Arch Pediatr Adolesc Med. 2005;159(7):690-692. doi:10.1001/archpedi.159.7.692

The use of natural health products (NHPs) among children and youth is on the rise and may be as high as 70% among certain pediatric populations (eg, children with chronic conditions: asthma, hyperactivity, cancer, cystic fibrosis, eating disorders).15 The potential for interactions between NHPs and drugs may be increased in pediatric populations because of altered metabolism and excretion. Natural health products administered in conjunction with conventional medications can affect drug pharmacokinetics (absorption, distribution, metabolism, and excretion). Herb-drug interactions are primarily due to altered biotransformation; in particular, herbs may cause induction (or inhibition) of the hepatic cytochrome P450 isozymes, rendering the index drug less (or more) active.
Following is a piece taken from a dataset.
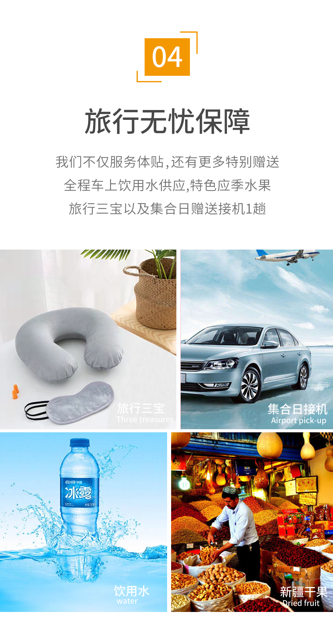 2、全程赠送随车饮用水及特色应季水果(或者新疆干果);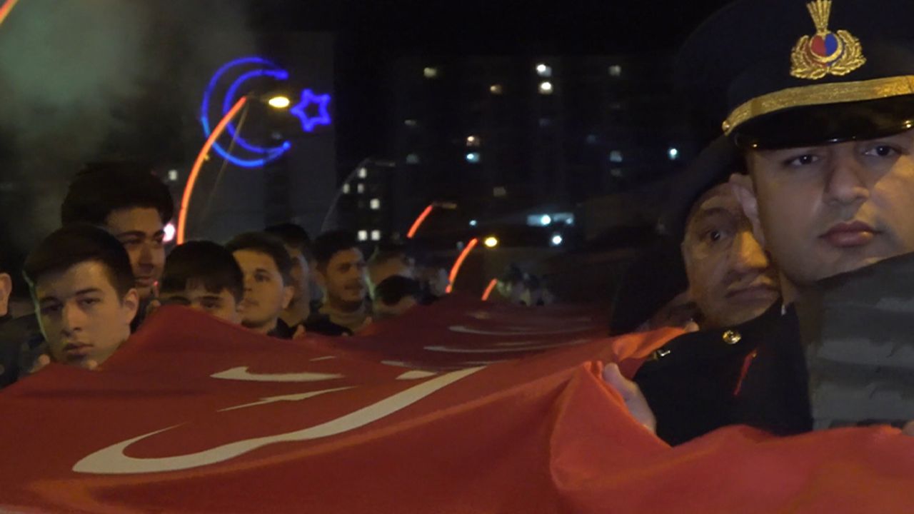 7'den 70'e vatandaş, bin metre uzunluğundaki Türk bayrağıyla Devlet Bahçeli Bulvarı'ndan Cumhuriyet Caddesi'ne kadar yürüdü.

We recently published a systematic review to determine the methodological quality of clinical trials examining the possible interactions of St John’s wort with conventional drugs.6 Since interactions between NHPs (ie, St John’s wort) and prescription medications in children are of increasing concern we have used similar methods to investigate this issue in children. Our objectives were to determine the prevalence of pharmacokinetic clinical investigations of NHP-drug interactions and their relevance to the pediatric populations.